NPR Isn't Your Friend (Old Version)
How the "liberal" news outlet perpetuates the status quo and limits our vision of the politically possible.
Note to readers: This article is an older, shorter version of a much more expanded critique of NPR that I wrote here. Please check out that newer piece for a more up to date and fleshed out argument. Thank you.
On November 16th, 2021, NPR produced a story about student debt cancellation that would have you believe that all is rosy with the world and that the people in charge are benevolent and have our best interests at heart.
The story, produced by Cory Turner - who has done some otherwise good reporting on improper student debt - focuses on the Public Service Loan Forgiveness program. This program, administered by the Department of Education, was intended to erase the remaining student debt of borrowers who worked in public service for 10 years, as long as they made consistent “eligible” payments during that time. But the program was broken, with strict criteria for what constituted eligible payments, poor management on the part of the Department of Education and its loan servicing private contractors, and very low approval rates for debt cancellation, leaving many people behind who thought their service in the public realm would pay off in the form of debt cancellation.
It is very enlightening to listen to or read the NPR story in its brief entirety. The story is mainly composed of interviews with borrowers who recently had their student debts cancelled. The interviews are intended to be heartwarming, quoting one borrower as saying that he spread his joy “through the rafters at work” after he had $20,000 in student debt erased.
The story notes that, thanks to the easing of restrictions in the program, approximately 30,000 borrowers will soon have their student debt erased, totaling around $2 billion.
In a cutesy flourish, the story ends with one of the borrowers saying that she wishes the Education Department would now fix her favorite annually losing football team, the Cleveland Browns.
How inspiring.
But this story leaves out a lot of crucial context that makes these debt cancellations hardly worth rejoicing over on the part of the general public.
Firstly, the story fails to mention that these debt cancellations are being made over a year after Joe Biden promised “immediate” cancellation of $10,000 of student debt for every borrower as well as total tuition debt cancellation for every student making less than $125,000 a year who attended a public college or private HBCU. (He also promised that Covid-19 tests would be free and that any medical bills related to Covid-19 hospitalization would be covered.) None of these promises have been made good on.
The story fails to mention that Biden has the authority to order the Department of Education to abolish all student debt, while his spokesperson, Jen Psaki, claims that the avenue for such an action lies with congress, even though the administration knows full well that the current congress would never pass such legislation.
The story fails to mention that not only has Biden not cancelled any student debt as he promised he would, his administration also keeps telling borrowers to prepare themselves for when the loan payment pause expires, even in the face of an unabated pandemic and an inflation crisis that has been orchestrated primarily by monopolized corporations increasing their prices well above any increases in their costs - which of course disproportionately impacts the poor and working-class.

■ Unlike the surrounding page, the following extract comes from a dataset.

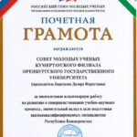 Совет молодых ученых Кумертауского филиала ОГУ награжден Почетной грамотой Регионального отделения Российского союза молодых ученых в Республике Башкортостан за многолетнюю плодотворную работу по развитию и совершенствованию учебно-научного процесса, значительный вклад в дело подготовки высококвалифицированных специалистов Республики Башкортостан. Председатель Совета молодых учёных, к.п.н. Барсукова Д.Ф. – Почетной грамотой Министерства образования Республики Башкортостан за значительные успехи в организации и совершенствовании учебного процесса, повышении педагогической и научной квалификации молодых научно-педагогических кадров, подготовки специалистов высшего профессионального образования.

The story fails to mention that the Biden administration has refused to restore an Obama-era protection, that was rescinded under the Trump administration, that mandated for-profit universities to ensure that their students achieve a certain debt-to-earnings ratio, and if the university failed to meet that threshold then it would lose federal funding and its students would not be eligible to take out federal student loans.
The story fails to mention that the $2 billion of debt that has been erased so far under the recent changes to the loan forgiveness program pales in comparison to the recently approved 2022 military budget of $768.2 billion.
The story fails to mention that 42.9 million Americans owe a total of $1.57 trillion in student debt, while military spending since 9/11 has totaled over $14 trillion, with one-third to one-half of that total going to private mercenaries.
The story fails to mention that the US military preys upon student debtors as a way to keep their enlistment rates up by promising student aid.
The story fails to explain the broader context of the student debt crisis, which is essential for understanding how we got here in the first place and why our government chooses to trot out a mismanaged Public Service Loan Forgiveness program instead of just adequately funding universal education in the first place.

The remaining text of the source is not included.